**What is being asked**. Take the records below and set down exactly the lines from the one with "NWT Waist Size" to the one with "De Lofoten behoren", ends included; do not copy the pictures.

Start of The data

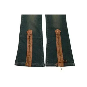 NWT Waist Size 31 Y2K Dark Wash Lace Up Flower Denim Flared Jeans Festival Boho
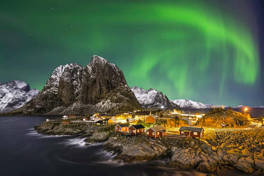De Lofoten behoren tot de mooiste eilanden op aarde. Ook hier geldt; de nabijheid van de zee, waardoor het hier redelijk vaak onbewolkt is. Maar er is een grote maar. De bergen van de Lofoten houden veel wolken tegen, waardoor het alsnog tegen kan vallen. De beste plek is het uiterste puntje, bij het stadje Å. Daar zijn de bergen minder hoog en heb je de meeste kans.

End of The data
Start of The data

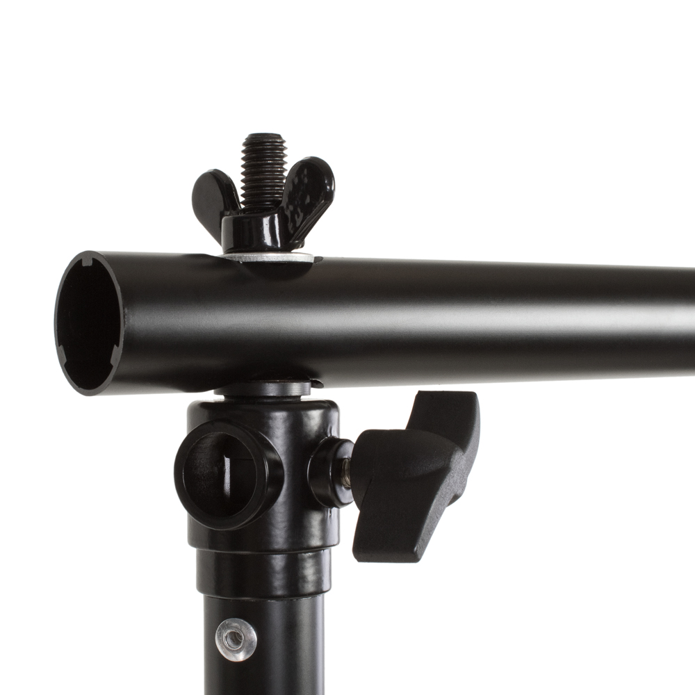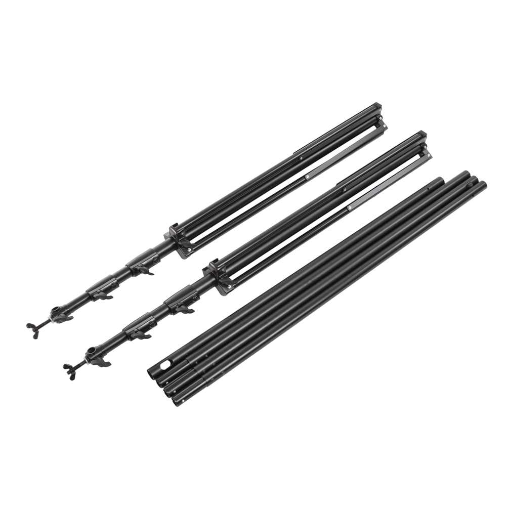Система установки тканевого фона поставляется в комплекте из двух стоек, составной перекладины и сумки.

End of The data

**Task answer**.
 NWT Waist Size 31 Y2K Dark Wash Lace Up Flower Denim Flared Jeans Festival Boho
De Lofoten behoren tot de mooiste eilanden op aarde. Ook hier geldt; de nabijheid van de zee, waardoor het hier redelijk vaak onbewolkt is. Maar er is een grote maar. De bergen van de Lofoten houden veel wolken tegen, waardoor het alsnog tegen kan vallen. De beste plek is het uiterste puntje, bij het stadje Å. Daar zijn de bergen minder hoog en heb je de meeste kans.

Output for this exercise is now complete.